I have supported a good number of employees over the years living or traveling in remote areas of all types. I have done enough of this that I have experience with pretty much every access technology there is: Dialup, frame relay, ISDN, SONET, ethernet, DOCSIS, every flavor of DSL including specialty long reach stuff and dry loop DSL. Cell networks everything from WAP to UWB; satellite ive done evertyhing from 2400bps Iridium, BGAN, Hughes, Viasat, Starlink.
Starlink and cell networks are the same thing from a network access and architecture perspective. They have the same issues and technical concerns around scaling wireless capacity. If cell networks qualify, Starlink qualifies, QED.

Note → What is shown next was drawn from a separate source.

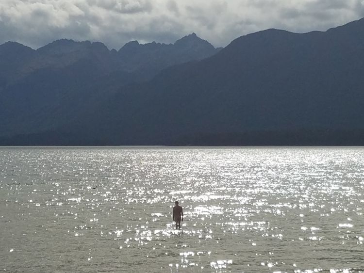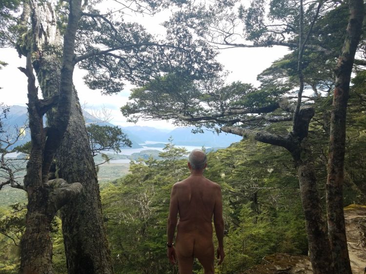 Am dritten Tag hatten wir eine persönliche Vereinbarung nur für uns mit einem Wassertaxi getroffen, um uns über einen Fluss zu einer schönen Rundwanderung und einem hohen Aussichtspunkt zu bringen. Unsere Vereinbarung gab uns einen Vorsprung von einer Stunde gegenüber anderen, die gemäß dem regulären Fährplan ankamen, so dass wir im Wesentlichen die gesamte Strecke nackt absolvieren konnten. Spät am Tag gelang uns ein nacktes Bad im nahegelegenen Lake Manapouri. Und da es spät am Tag war, gingen wir nackt zurück zum Auto entlang eines Teils des berühmten Kepler Track (einer von Neuseelands "Great Walks") und trafen dabei nur noch auf sehr wenige Wanderer.

From my experience I can say that none of the technologies have ever been able to adequately solve the problem of affordable rural broadband. But I can say that of all of these, Starlink is the only one that has ever successfully supported a remote employee to everyone's satisfaction at work. The FCC is certainly right to be skeptical of Starlink's ability to scale, but I agree that I'm at an absolute loss to understand the justification for the double standard. If you put all the providers and technologies through the same thought experiment, not only should none of them ever get any money, the entire concept of subsidizing rural broadband won't ever work.
Either the FCC should cut Starlink back in or they should eliminate the program entirely. I could advocate equally for both approaches and quite honestly after having watched so many false starts in this space over the last 30 years, I personally favor giving the whole fucking thing the axe.